Sunday, May 15, 2016

Whitsun 2016, Eye of the Beholder

Pentecost
John 14: 23-31


Jesus replied, “He who truly loves me reveals my Spirit, and my Father will love him, and we will come to him and prepare with him a dwelling in the everlasting [an eternal dwelling]. He who does not love me cannot reveal my Spirit. And the spirit power of the word that you hear is not from me; it is the speaking of the Father who sent me.

I have said this to you while I am still with you. But he who is called down, the health-bringing Spirit, whom the Father will send in my name, he will teach you everything and will awaken within you all that I have said to you.

Peace I leave with you; my peace I give you. I do not give to you as the world gives. Do not let your hearts be troubled and do not be afraid [have no fear].

You have heard how I said to you, ‘I am going away, and yet I am coming to you.' If you loved me, you would rejoice because I am going to the Father[ly Ground of the World], for the Father is mightier than I am.
I have told you now before it happens, so that when it happens you may find trust. I no longer have much to say to you, for soon the prince of this world is coming. Yet over me, he has no power.

But the world shall see in this how I love the Father [Ground of the World] and how I act by the Father’s purpose, as it was entrusted to me. Arise, let us go on from here. [let us be on our way.]


Pentecost (Whitsun)
May 15, 2016
John 14: 23-31

The manner and mood in which we look at the world determine to a great extent what we will see. And our attitude also influences how the world responds to us.
R. Acosta


Even our idioms reflect this. We speak of a bird’s eye view – seeing the panorama – or a worm’s eye view – the details at ground level. We speak of turning a blind eye, seeing with a jaundiced eye, of giving the stink eye or the evil eye.

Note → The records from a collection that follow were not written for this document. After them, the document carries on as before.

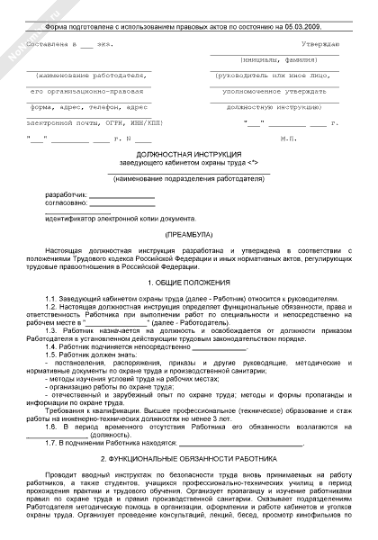 Должностная инструкция заведующего кабинетом охраны труда (рекомендуемый образец заполнения)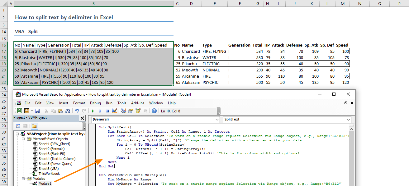 VBA — это последний вариант разделения текста, который мы хотим показать в этой статье. Вы можете использовать VBA двумя способами разделения текста: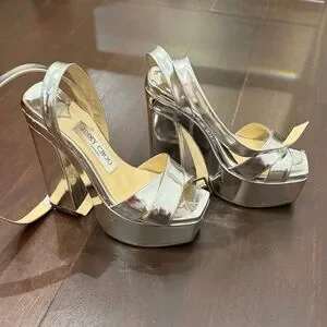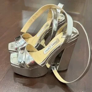 Shine with these metallic silver platforms by Jimmy Choo. Stylish and bold for any event.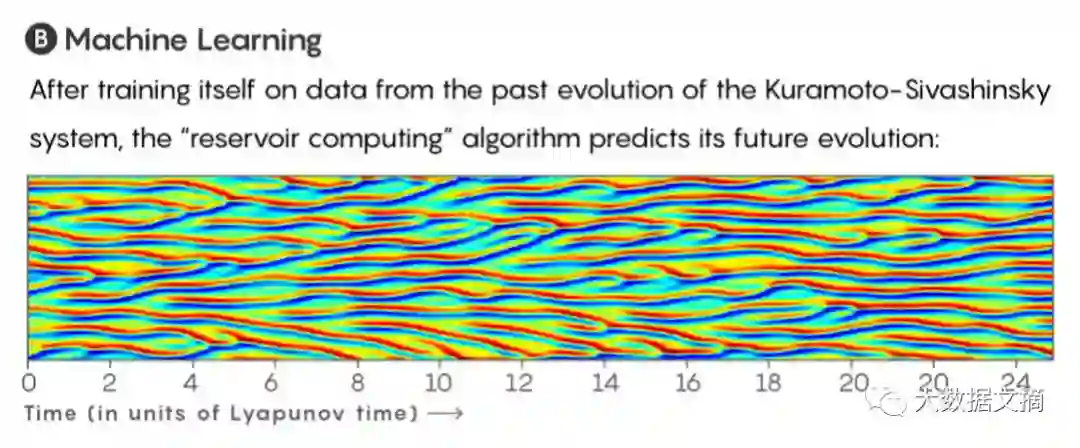 用Kuramoto-Sivashinsky系统过去的演进数据进行训练后,“储水池计算”算法预测其未来演进。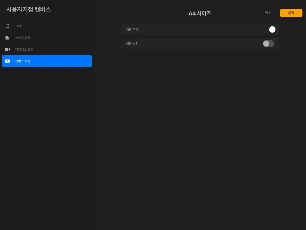 캔버스 속성 메뉴에 있는 배경 관련 설정은 캔버스 생성 후에도 언제든지 조정할 수 있기 때문에, 큰 고민 없이 두셔도 됩니다.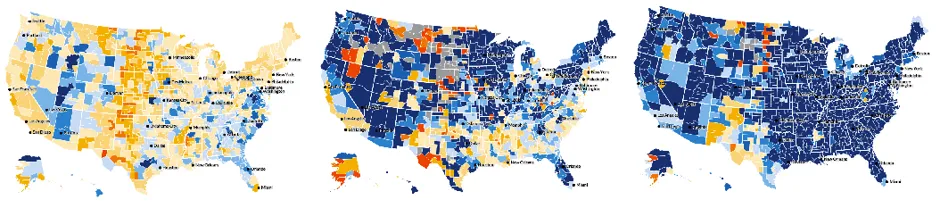 从左到右:2010年至2030年白人、黑人和西班牙裔社区的人口变化。深蓝色表示增长高达40%,而深红色表示下降高达40%。有关更多细节,请参见互动工具。城市研究所其次,至少有一些市政当局必然会认识到,房主并不关心他们城市的最佳利益,而是通过极端限制分区来实现。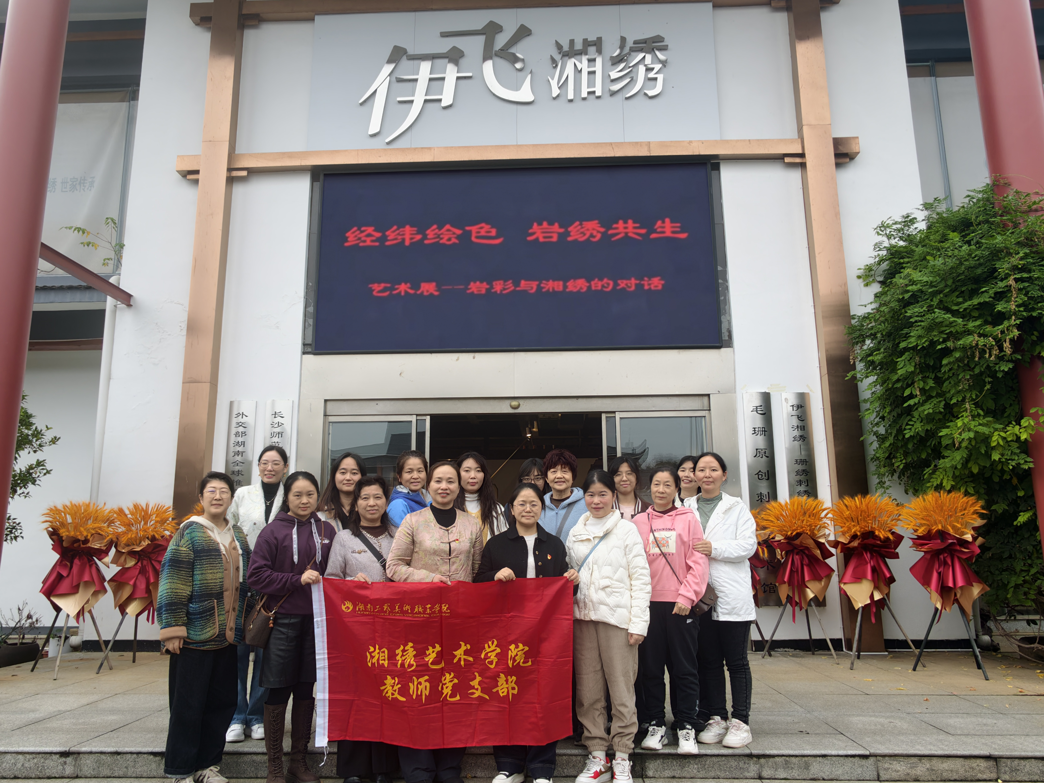 实践环节,支部组织党员赴联建单位长沙市伊飞湘绣有限公司党支部,实地参观了该企业党支部书记毛珊大师的“经纬绘色,岩绣共生”艺术展览,并就展览内容进行了深入的交流讨论。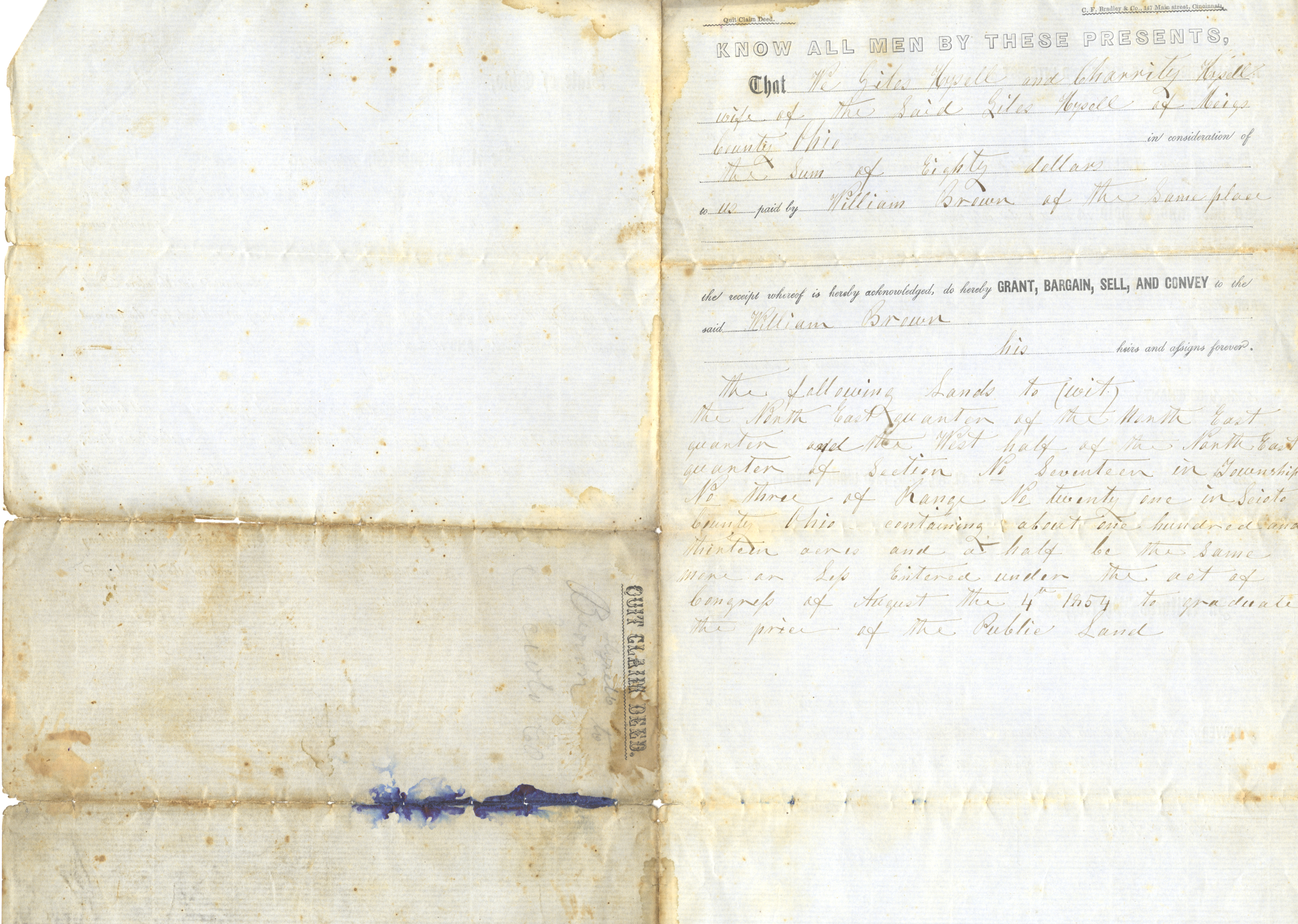 C.F. Bradley & Co., Cincinnati, Ohio, “Quit Claim Deed, Scioto County, Hysell to Brown,” Scioto County Public Library Local History Digital Collection, accessed December 16, 2025, https://sciotolibrary.org/history/items/show/29706.

We can also see with stars in our eyes. We remind ourselves that beauty is in the eye of the beholder.

In today’s reading, Christ speaks of love as a kind of eye. To know Christ, to see him best, we must look for him with the eyes of love. And whoever loves Christ also looks at the world with such eyes. And furthermore, anyone beholding this love shining forth is seeing something of Christ’s spirit. “He who loves me reveals my spirit.

The Father gives the world its being and substance, its existence. God, the Son, brings everything alive, gives the world and  us the power of creative becoming, the power to change and evolve. Seeing with the eyes of Christ means being able to see beyond what is, to what is evolving, to what will be.


The Spirit of the Father and the Son is
the spirit of healing. What is broken can be mended; what is ill can become healthy. Those who love Christ reveal his health-bringing spirit because they gaze upon the world with love and understanding. They see clearly both from the worm’s eye and the eagle eye view. And they see with the starry eyes of one who knows where all comes from, and where all is intending. They see the beauty of what is evolving. And patiently they tend it.